(Dataset excerpt):
┄┄┄┄┄┄

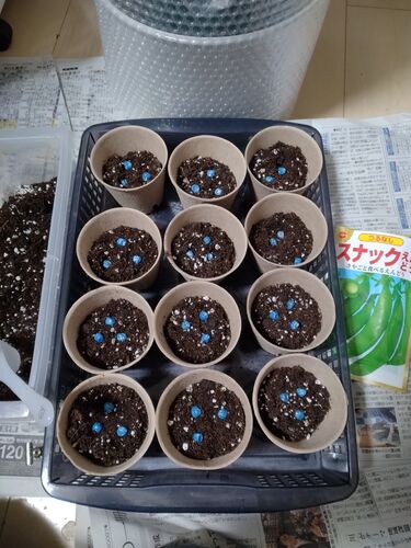 雪が消えないので、とりあえず土や資材を作業地点まで運んだり、植える物の育て方を調べたり、種まき出来そうなものからまき始めました。 ↓スナックエンドウ、ネモフィラが最初に行けそうだったので播種。 ネモフィラが、嫌光性なのかとか、発芽温度もいろい…
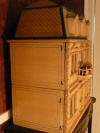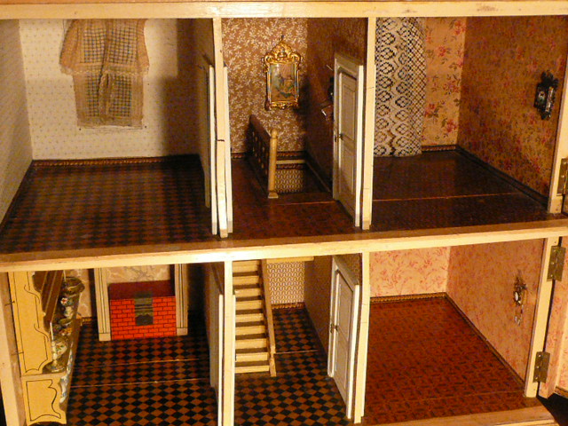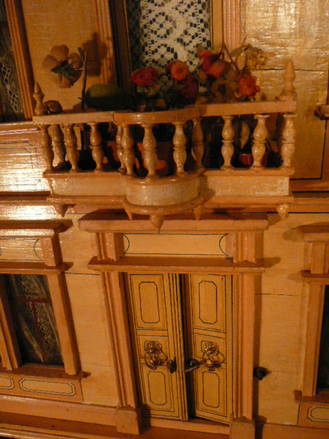 This Christian Hacker's Dolls' House is in excellent condition with its original paint and wallpapers. The exterior is painted a soft golden color with the trim work a few shades darker. All of the window treatment and painted decoration is as clear as if it were new. The raised quoining, painted lined windows, the original mansard papered roof, double door entrance with ormolu door knockers, the original curved balcony -are all intact. House opens from the front to reveal 4 main rooms and two halls with a staircase and railing. The 3rd story is removable and contains two rooms with original wall and floor papers. The main part of the house has all its original wall and floor papers, original curtains with papered borders over each wooden bracket, painted ceiling medallions, and inter-connecting doors with butterfly knobs making it possible to lock each door. Kitchen has a built in stove unit (stove is a block of wood with red brick paper) and a wonderful cupboard to display dishes. The house retains its original chimneys too. Measurements: 37"h. x 31"w.x 16-1/2"d. Circa: 1880 Price: SOLD For further information, please email me at -antiquedh@comcast.net |
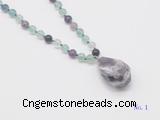 Details: Hand-knotted fluorite mala necklaces: 108 8mm/10mm round fluorite beads with amethyst pendant/12mm guru bead and amethyst pendant (you can choose different pendants, but there will be tiny different in shape & color, we will make the jewelry randomly according to our stock) Item: GMN4903 Material: No.1: 8mm: 108 8mm fluorite beads & amethyst pendant 10mm: 108 10mm fluorite beads & amethyst pendant No.2: 8mm: 108 8mm fluorite beads, 12mm guru bead & amethyst pendant 10mm: 108 10mm fluorite beads, 12mm guru bead & amethyst pendant Color: See image Length (inch): Necklace length: 8mm: approx 37 - 40 inches (Not including guru bead & pendant) 10mm: approx 46 - 50 inches (Not including guru bead & pendant) Pendants: approx 18*35mm - 28*40mm Quantity Discount Pricing: 1 - 4: None 5 - 49: 95% 50 - 99: 90% 100+: 85% This mala is available in both 8mm and 10mm beads, The listed price is for 1 piece 8mm mala necklace

┄┄┄┄┄┄

(Problem): Extract, word for word, each line from the top of the data down to and including the line with "This Christian Hacker's"; skip the pictures.

(Solution to this task):
 雪が消えないので、とりあえず土や資材を作業地点まで運んだり、植える物の育て方を調べたり、種まき出来そうなものからまき始めました。 ↓スナックエンドウ、ネモフィラが最初に行けそうだったので播種。 ネモフィラが、嫌光性なのかとか、発芽温度もいろい…
 This Christian Hacker's Dolls' House is in excellent condition with its original paint and wallpapers. The exterior is painted a soft golden color with the trim work a few shades darker. All of the window treatment and painted decoration is as clear as if it were new. The raised quoining, painted lined windows, the original mansard papered roof, double door entrance with ormolu door knockers, the original curved balcony -are all intact. House opens from the front to reveal 4 main rooms and two halls with a staircase and railing. The 3rd story is removable and contains two rooms with original wall and floor papers. The main part of the house has all its original wall and floor papers, original curtains with papered borders over each wooden bracket, painted ceiling medallions, and inter-connecting doors with butterfly knobs making it possible to lock each door. Kitchen has a built in stove unit (stove is a block of wood with red brick paper) and a wonderful cupboard to display dishes. The house retains its original chimneys too. Measurements: 37"h. x 31"w.x 16-1/2"d. Circa: 1880 Price: SOLD For further information, please email me at -antiquedh@comcast.net |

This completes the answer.